In an interview with Bloomberg TV, Cohen explained that while Bitcoin and Ethereum have met BlackRock’s rigorous criteria for exchange-traded funds (ETFs), no other digital asset currently comes close. “We’re really looking at the investability to see what meets the criteria, what meets the criteria that we want to achieve in an ETF,” Cohen said. “Both in terms of the investability and from what we’re hearing from our clients, Bitcoin and Ethereum definitely meet those criteria, but it’s going to be a while before we see anything else.”
Cohen noted that beyond the technical challenges of launching new ETFs, the demand for other crypto ETFs, particularly Solana, is not there yet. While Solana is being touted as the next potential ETF candidate, Cohen noted that the market appetite remains lacking.
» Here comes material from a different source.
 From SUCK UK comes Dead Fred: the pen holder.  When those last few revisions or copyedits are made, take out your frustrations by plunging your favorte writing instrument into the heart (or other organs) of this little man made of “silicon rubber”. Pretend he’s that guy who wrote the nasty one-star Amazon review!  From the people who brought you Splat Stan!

BlackRock’s interest in Bitcoin and Ethereum ETFs comes after the successful launch of Ethereum ETFs last week, which saw weekly trading volume for the crypto fund soar to $14.8 billion, the highest level since May. The success has fueled speculation about the next possible ETF, with Solana frequently mentioned as a contender.
Solana, known as a faster and cheaper alternative to Ethereum, has been the subject of two separate ETF filings in the US by VanEck and 21Shares. However, the lack of CME Solana futures, unlike Bitcoin and Ethereum, is a significant hurdle for SEC approval of a Solana ETF.
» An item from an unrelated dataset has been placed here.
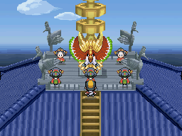 La primera vez que llegues a la azotea de la Torre Campana, tras haber subido 10 plantas y haber mostrado tu valía con la Campana Clara y el Ala Arcoiris, te encontrarás con que las Chicas Kimono rinden culto al Pokémon legendario Ho-Oh.

Despite these challenges, some fund managers remain optimistic about Solana’s potential. Franklin Templeton recently described Solana as an “exciting and major development that we believe will drive the crypto space forward.” Solana currently accounts for about 3% of the overall cryptocurrency market value, with a market cap of $82 billion, according to data from CoinGecko.
Meanwhile, Bitcoin investors continue to show strong support, as evidenced by substantial inflows into BlackRock’s iShares Bitcoin Trust (NASDAQ: IBIT). On July 22, IBIT reported inflows of $526.7 million, the highest single-day total since March. This impressive haul stands in stark contrast to the collective inflow of just $6.9 million seen across the remaining 10 Bitcoin ETFs, according to data from Farside Investors. The surge in IBIT inflows coincides with Bitcoin’s significant $68,000 level, just 8% off its all-time high of $73,000.